Analytical modeling of the virtual sound insulation measurement suite and research on sound insulation test methods

With the development of modern industrial technology, it is an essential problem to calculate the noise reduction performance of the flexible partition walls. The sound insulation measurement model is modeled by the Spectral geometry method (SGM). Compared with the traditional ones, it is a method with higher calculation accuracy and faster convergence speed. The displacement of the panel and the sound pressure field inside the rooms are expressed as Fourier series with additional items. In order to simulate the real measurement environment, the sound source room and the receiving room are set as a reverberation chamber and an anechoic chamber with impedance boundaries, respectively. The coupling relationship is established by the Hamilton's principle. Then the natural frequencies and the sound pressure level are compared with those derived by the finite element method (FEM). The results show that the analytical method has good accuracy and convergence. Moreover, the sound transmission loss (STL) of the partition could be obtained by the sound pressure method.
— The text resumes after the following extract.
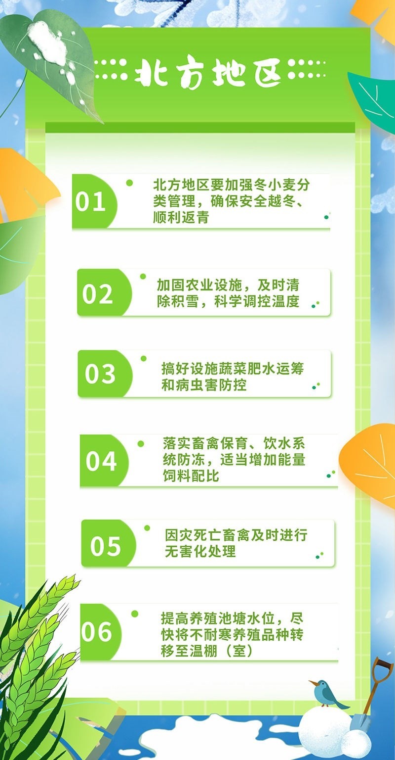 北方地區(qū)要加強(qiáng)冬小麥分類管理,確保安全越冬、順利返青;加固農(nóng)業(yè)設(shè)施,及時(shí)清除積雪,科學(xué)調(diào)控溫度;搞好設(shè)施蔬菜肥水運(yùn)籌和病蟲害防控;落實(shí)畜禽保育、飲水系統(tǒng)防凍,適當(dāng)增加能量飼料配比;因?yàn)?zāi)死亡畜禽及時(shí)進(jìn)行無害化處理;提高養(yǎng)殖池塘水位,盡快將不耐寒養(yǎng)殖品種轉(zhuǎn)移至溫棚(室)。

Considering there is no accurate method for measuring the STL, this paper studies some factors affecting the sound insulation performance of the model by the parametric analysis method, such as the thickness of the panel, the length of the receiving room, the impedance of the receiving room and the parameters of medium.

Automated summary

This study explores the factors affecting the noise reduction performance of flexible partition walls using the Spectral geometry method and parametric analysis. The results show that the proposed method provides a new and accurate approach for calculating the sound insulation performance.